>>>
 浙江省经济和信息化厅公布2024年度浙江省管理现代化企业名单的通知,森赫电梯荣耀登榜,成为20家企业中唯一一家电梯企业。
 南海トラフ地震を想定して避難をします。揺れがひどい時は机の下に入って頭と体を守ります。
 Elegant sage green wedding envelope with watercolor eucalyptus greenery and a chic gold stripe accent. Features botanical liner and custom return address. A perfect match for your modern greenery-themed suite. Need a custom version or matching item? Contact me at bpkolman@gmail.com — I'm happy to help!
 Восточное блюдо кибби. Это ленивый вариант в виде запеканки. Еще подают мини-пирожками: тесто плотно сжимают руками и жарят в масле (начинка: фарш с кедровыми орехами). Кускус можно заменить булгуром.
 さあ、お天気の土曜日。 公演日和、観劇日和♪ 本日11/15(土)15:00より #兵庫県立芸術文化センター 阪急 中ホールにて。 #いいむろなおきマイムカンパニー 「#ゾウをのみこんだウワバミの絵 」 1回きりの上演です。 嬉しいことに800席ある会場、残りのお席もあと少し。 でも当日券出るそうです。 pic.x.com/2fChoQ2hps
<<<
>>>
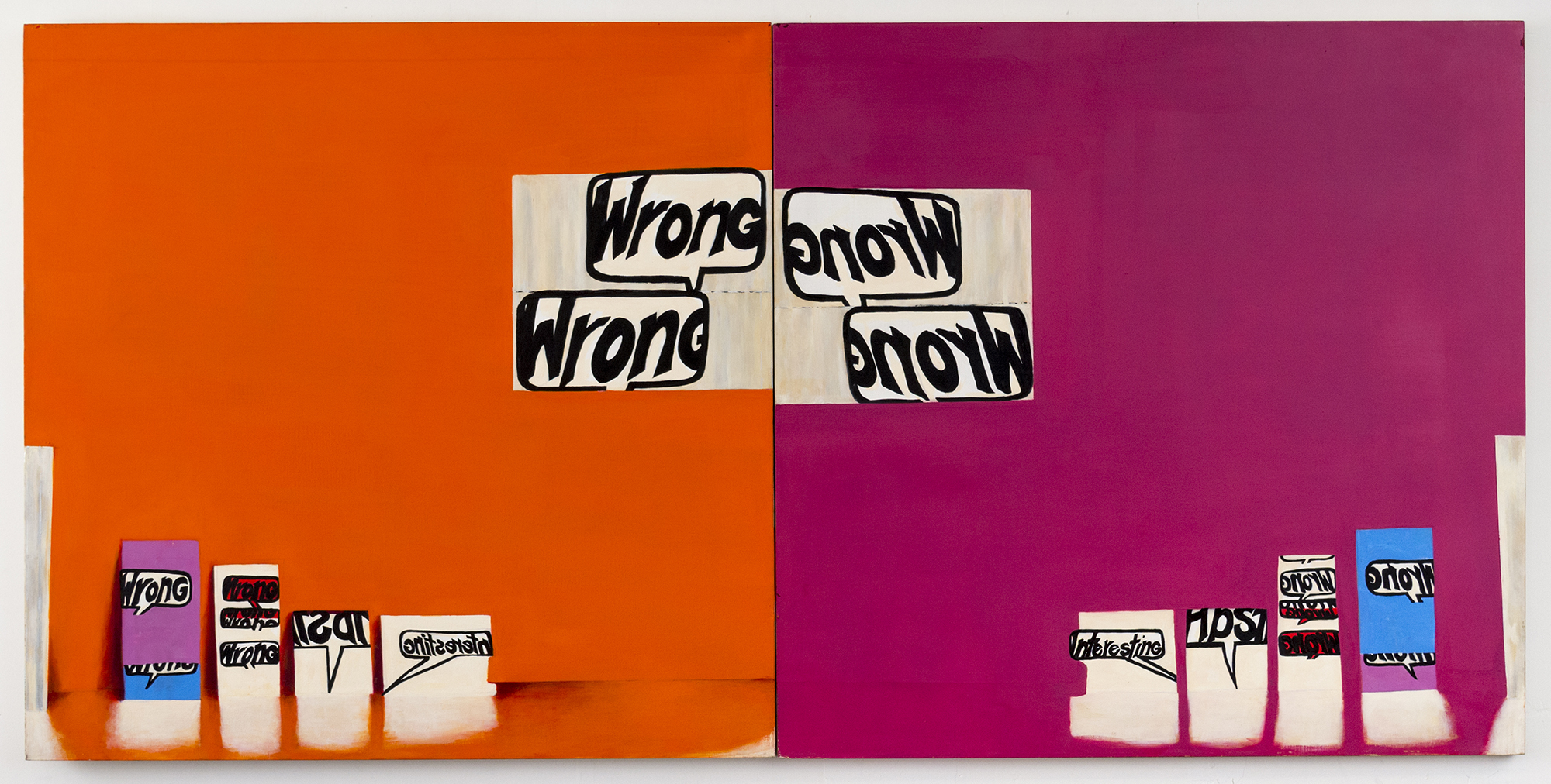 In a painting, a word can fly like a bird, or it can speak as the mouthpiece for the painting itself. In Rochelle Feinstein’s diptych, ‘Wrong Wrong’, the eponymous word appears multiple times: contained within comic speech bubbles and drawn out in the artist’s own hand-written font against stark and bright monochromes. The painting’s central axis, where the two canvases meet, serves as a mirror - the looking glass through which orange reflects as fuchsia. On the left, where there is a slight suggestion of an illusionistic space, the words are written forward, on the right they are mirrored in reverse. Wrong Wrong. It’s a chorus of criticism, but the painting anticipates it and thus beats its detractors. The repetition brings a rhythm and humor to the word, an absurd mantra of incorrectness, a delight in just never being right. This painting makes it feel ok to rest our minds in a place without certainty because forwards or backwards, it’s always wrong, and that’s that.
<<<
Give back exactly the lines above, from the line containing "浙江省经济和信息化厅公布20" through the line containing "さあ、お天気の土曜日。 公演日和、観劇日和♪ 本日11/15(土)15:00より", with both end lines and nothing more.

 浙江省经济和信息化厅公布2024年度浙江省管理现代化企业名单的通知,森赫电梯荣耀登榜,成为20家企业中唯一一家电梯企业。
 南海トラフ地震を想定して避難をします。揺れがひどい時は机の下に入って頭と体を守ります。
 Elegant sage green wedding envelope with watercolor eucalyptus greenery and a chic gold stripe accent. Features botanical liner and custom return address. A perfect match for your modern greenery-themed suite. Need a custom version or matching item? Contact me at bpkolman@gmail.com — I'm happy to help!
 Восточное блюдо кибби. Это ленивый вариант в виде запеканки. Еще подают мини-пирожками: тесто плотно сжимают руками и жарят в масле (начинка: фарш с кедровыми орехами). Кускус можно заменить булгуром.
 さあ、お天気の土曜日。 公演日和、観劇日和♪ 本日11/15(土)15:00より #兵庫県立芸術文化センター 阪急 中ホールにて。 #いいむろなおきマイムカンパニー 「#ゾウをのみこんだウワバミの絵 」 1回きりの上演です。 嬉しいことに800席ある会場、残りのお席もあと少し。 でも当日券出るそうです。 pic.x.com/2fChoQ2hps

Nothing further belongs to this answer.